Work order: With the pictures left out, print exactly the lines below that run from the one containing "应聘人员须为2026年全国普" through the one containing "Ce maillot arbore".

The data:
◇ ◇ ◇

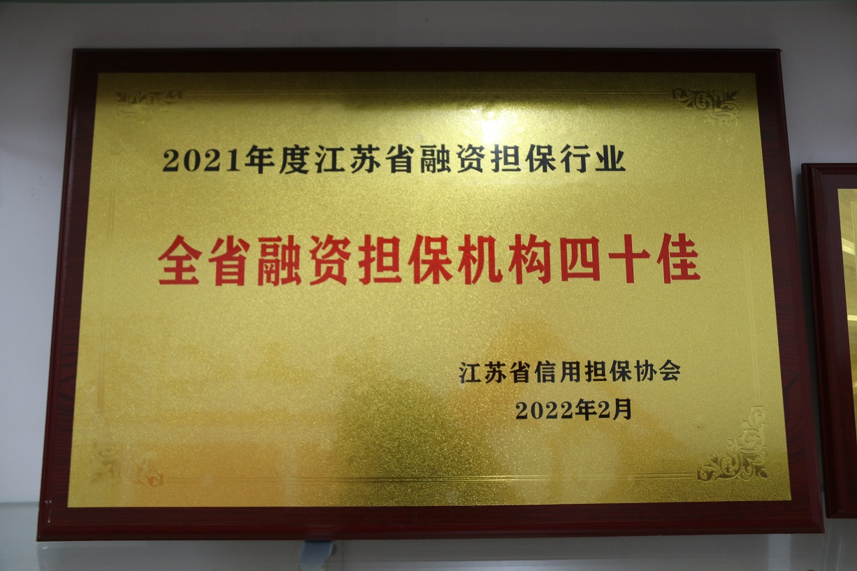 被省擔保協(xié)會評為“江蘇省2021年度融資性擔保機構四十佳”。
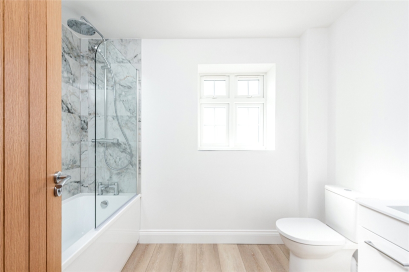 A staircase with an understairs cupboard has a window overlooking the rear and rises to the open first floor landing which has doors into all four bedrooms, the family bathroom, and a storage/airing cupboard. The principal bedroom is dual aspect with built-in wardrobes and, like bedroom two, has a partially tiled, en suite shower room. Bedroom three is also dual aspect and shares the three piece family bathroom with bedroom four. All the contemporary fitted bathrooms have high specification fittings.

◇ ◇ ◇

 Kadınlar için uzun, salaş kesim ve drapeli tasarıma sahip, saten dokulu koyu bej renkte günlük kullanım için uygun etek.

◇ ◇ ◇

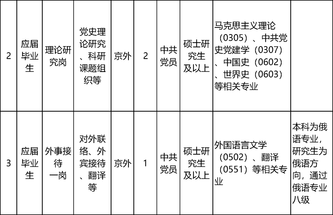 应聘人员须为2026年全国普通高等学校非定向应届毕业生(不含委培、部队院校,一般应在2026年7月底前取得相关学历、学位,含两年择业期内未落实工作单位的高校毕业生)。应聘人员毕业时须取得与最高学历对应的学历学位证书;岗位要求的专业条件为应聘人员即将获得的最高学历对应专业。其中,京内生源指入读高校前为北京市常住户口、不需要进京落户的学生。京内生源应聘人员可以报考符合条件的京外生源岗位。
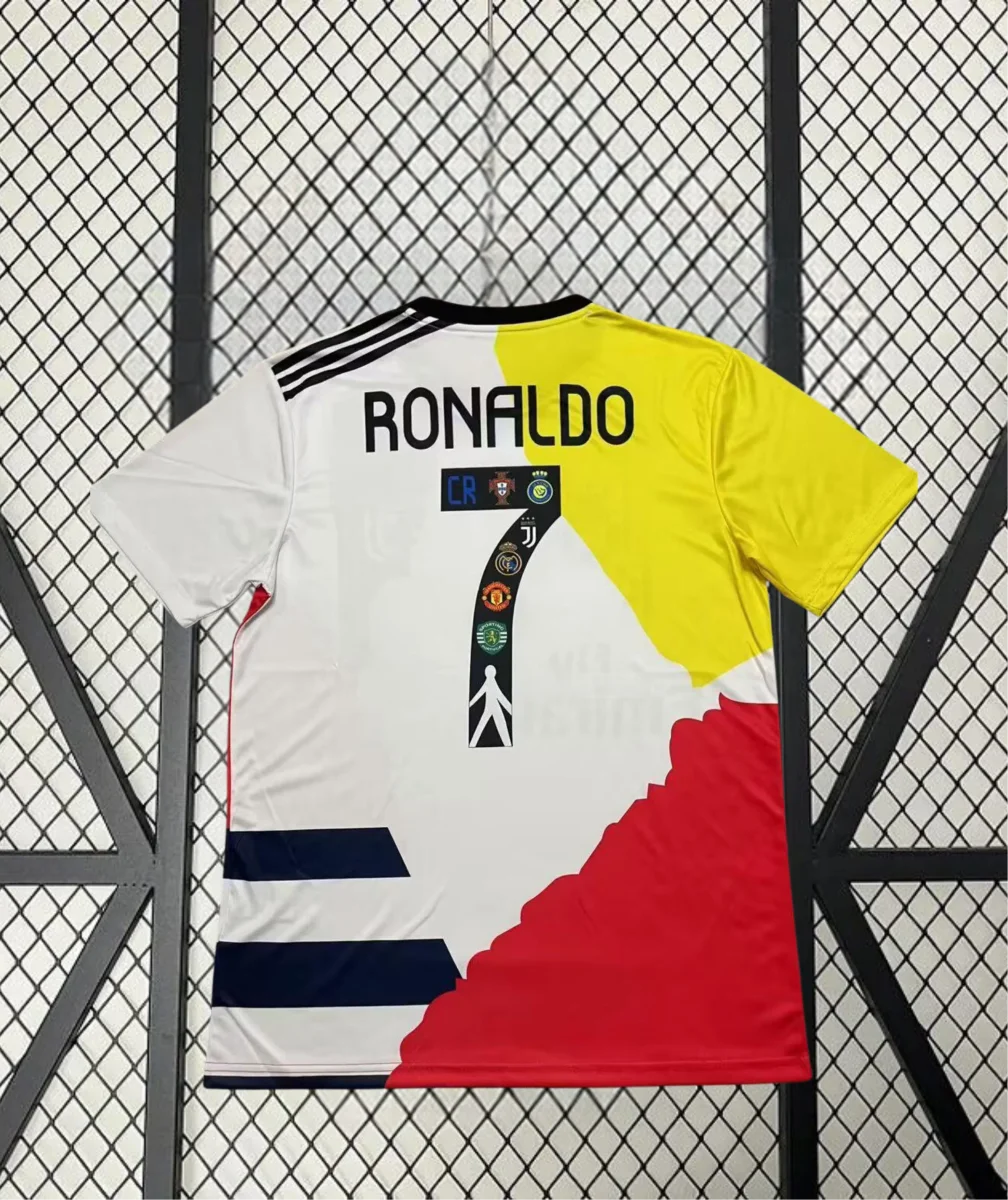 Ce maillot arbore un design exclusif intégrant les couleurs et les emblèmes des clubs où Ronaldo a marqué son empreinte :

◇ ◇ ◇

Expected answer:
 应聘人员须为2026年全国普通高等学校非定向应届毕业生(不含委培、部队院校,一般应在2026年7月底前取得相关学历、学位,含两年择业期内未落实工作单位的高校毕业生)。应聘人员毕业时须取得与最高学历对应的学历学位证书;岗位要求的专业条件为应聘人员即将获得的最高学历对应专业。其中,京内生源指入读高校前为北京市常住户口、不需要进京落户的学生。京内生源应聘人员可以报考符合条件的京外生源岗位。
 Ce maillot arbore un design exclusif intégrant les couleurs et les emblèmes des clubs où Ronaldo a marqué son empreinte :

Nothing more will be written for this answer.